The tech giant Apple on Friday chalked up a win on a trade issue against Samsung but took a loss on a ruling that its book publishing undercut the competition.

The US International Trade Commission slapped an import ban on several Samsung products but delayed its implementation pending a review by the Obama administration.

The ruling was the latest development in a more than two-year-old patent battle between Samsung and Apple.

In a separate develoment, a US judge rebuffed Apple’s request to suspend an earlier ruling that found Apple in violation of antitrust laws in signing restrictive contracts with five major US publishers.

On the Samsung issue, the trade commission ruled that the import ban should encompass several older model Samsung phones which violate two Apple patents. But it cleared the Korean electronics giant of violating four other patents held by the iPhone maker.

Nevertheless Apple said that the ruling vindicated its arguments in the bitter legal tussle with its biggest smartphone competitor.

“The ITC has joined courts around the world in Japan, Korea, Germany, Netherlands and California by standing up for innovation and rejecting Samsung’s blatant copying of Apple’s products,” said company spokeswoman Kristin Huguet in an emailed statement.

The ruling came a week after the Obama administration vetoed an ITC ban on older iPhone models which had found to have violated Samsung patents.

The two companies also clashed in a separate hearing in a US Court of Appeals over whether Samsung should be allowed to continue to sell older products that a jury last year found to have violated Apple patents.
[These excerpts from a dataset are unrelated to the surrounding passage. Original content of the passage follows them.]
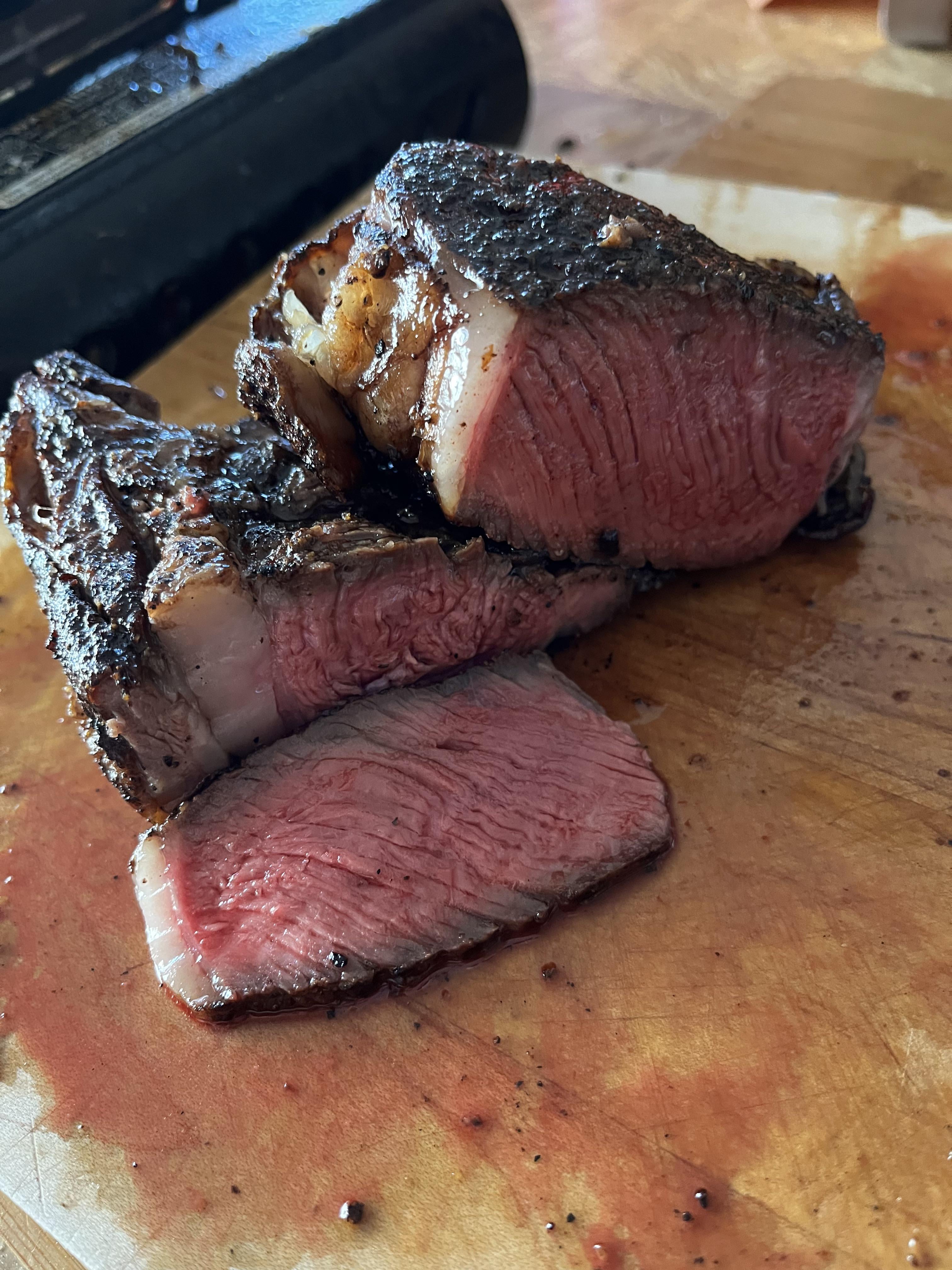 Reverse sear starts in a convection toaster oven at 250 until it gets to 105. Rest for a few mins while I open every window, crack the garage open a few inches, close every bedroom and bathroom door, turn on every ceiling fan, and get the pan screaming hot. Sear for 30 secs each side including edges with an 8lb steak weight pressing down on it. Remove the ribeye cap and sear that exposed fat. Eat that. Oh yeah then take this pic.
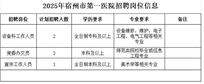 2025年宿州市第一人民醫(yī)院公開招聘工作人員的通知
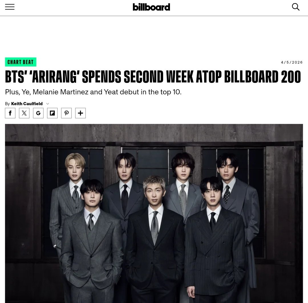 ✨[BTS] อัลบั้ม ARIRANG ยังคงครองอันดับ #1 บน Billboard 200 ด้วยยอดขาย 187,000 ยูนิต [สัปดาห์ที่ 2]

Samsung has argued that the patents in question are minor features on its phones and that Apple has not been able to show that they affected sales of iPhones negatively. Apple is pressing for the import ban to be imposed, in a strategy that could allow it to request a ban on Samsung’s best-selling Galaxy S4 smartphone.

Judge rejects Apple's bid to suspend e-book ruling

On the publishing front, Judge Denise Cote’s decision exposes Apple to potentially onerous restrictions on its agreements with the book publishers and other media companies that provide content through the Apple’s online stores, website Cnet.com reported.

Judge Denise Cote had found the company guilty last month of colluding with the five largest publishers to fix the prices of books sold through iTunes in a bid to challenge the low prices set by industry leader Amazon.com.

Apple had been hoping that a suspension of the verdict would allow it time to appeal before the imposition of penalties in the case.

The Department of Justice is pressing the court to order Apple to terminate the existing contracts with the publishing houses and to bar any similar deals for five years.

The proposal would also cover Apple’s contracts with providers of video, movies, television and music “that are likely to increase the prices at which Apple’s competitors may sell that content.”